Another author has said:

"The prevention of vexatious litigation and of a multiplicity of suits constitutes a favorite ground for the exercise of the jurisdiction of equity by way of injunction; and it may be laid down as a general rule that whenever the rights of a party aggrieved cannot be protected or enforced in the ordinary course of proceedings at law, except by numerous and expensive suits, a court of equity may properly interpose and afford relief by injunction." 1 High on Injunctions, § 12.

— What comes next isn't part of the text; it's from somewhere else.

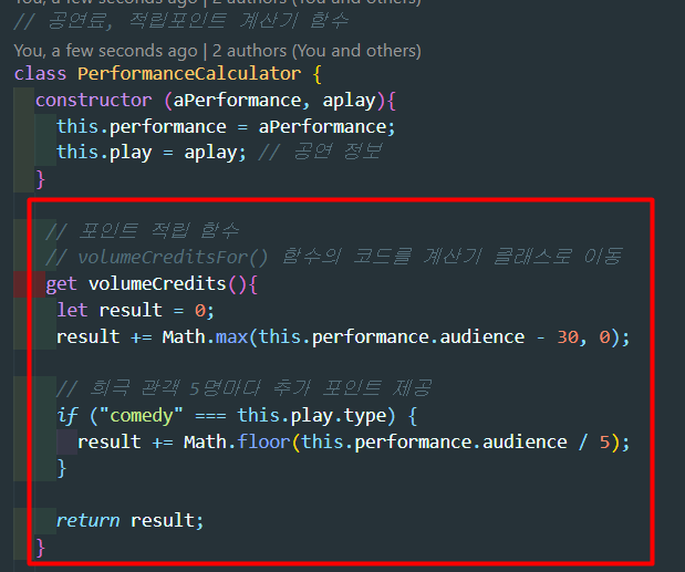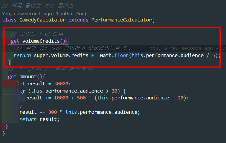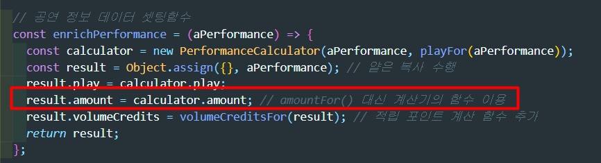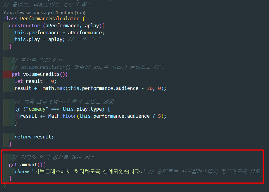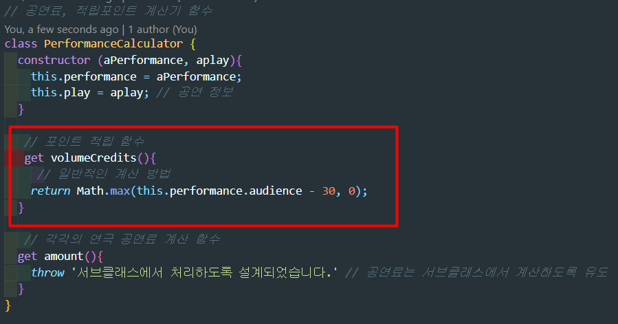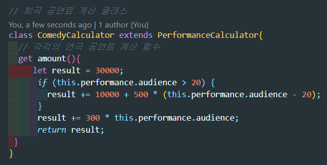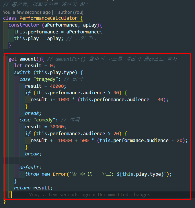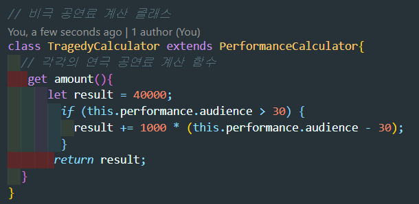공연료 계산 함수 amountFor() 은 Class의 get으로 수정하며 이동합니다.

The Supreme Court of the United States in discussing the question in the case of Hale v. Allinson, 188 U.S. 56, 23 S. Ct. 244, 47 L. Ed. 380, used this language:

"Cases in sufficient number have been cited to show how divergent are the decisions on the question of jurisdiction. It is easy to say it rests upon the prevention of a multiplicity of suits, but to say whether a particular case comes within the principle is sometimes a much more difficult task. Each case, if not brought directly within the principle of some preceding case, must, as we think, be decided upon its own merits and upon a survey of the real and substantial convenience of all parties, the adequacy of the legal remedy, the situations of the different parties, the points to be contested and the result which would follow if jurisdiction should be assumed or denied; these various matters being factors to be taken into consideration upon the question of equitable jurisdiction on this ground, and whether within reasonable and fair grounds the suit is calculated to be in truth one which will practically prevent a multiplicity of litigation and will be an actual convenience to all parties, and will not unreasonably overlook or obstruct the material interests of any." *518

In the case of Galveston, Harrisburg San Antonio Ry. Co. v. Dowe,70 Tex. 5, 7 S.W. 368, the Supreme Court had the following to say in reference to enjoining suits in the justice court:

"If it be said that a court of equity will only act after a decision favorable to the complainant in a court of law in which the judges are required to be lawyers, we can see the reason of it. But we do not think this rule should be applied to judgments of the county and justice courts under our system, when the amount in controversy is not such as to permit appeals to `the appellate court.' The officers who preside in these tribunals are not required to be learned in the law. Their judgments, not appealed from, are conclusive between the parties as to the subject-matter of the particular suit in which they are rendered; but they cannot be held to affect in any manner any general right. Had it appeared from the plaintiff's petition that one of the suits against it had been brought in the district court, and had there been decided against it, or that from a judgment in the county court it had appealed to the Court of Appeals, and that court had affirmed the judgment upon the merits, then the presumption would have been great that it had no just defense to the other actions. * * * But no such presumption arises from a judgment of the justice or county court in this state, when by reason of the amount in controversy there can be no appeal."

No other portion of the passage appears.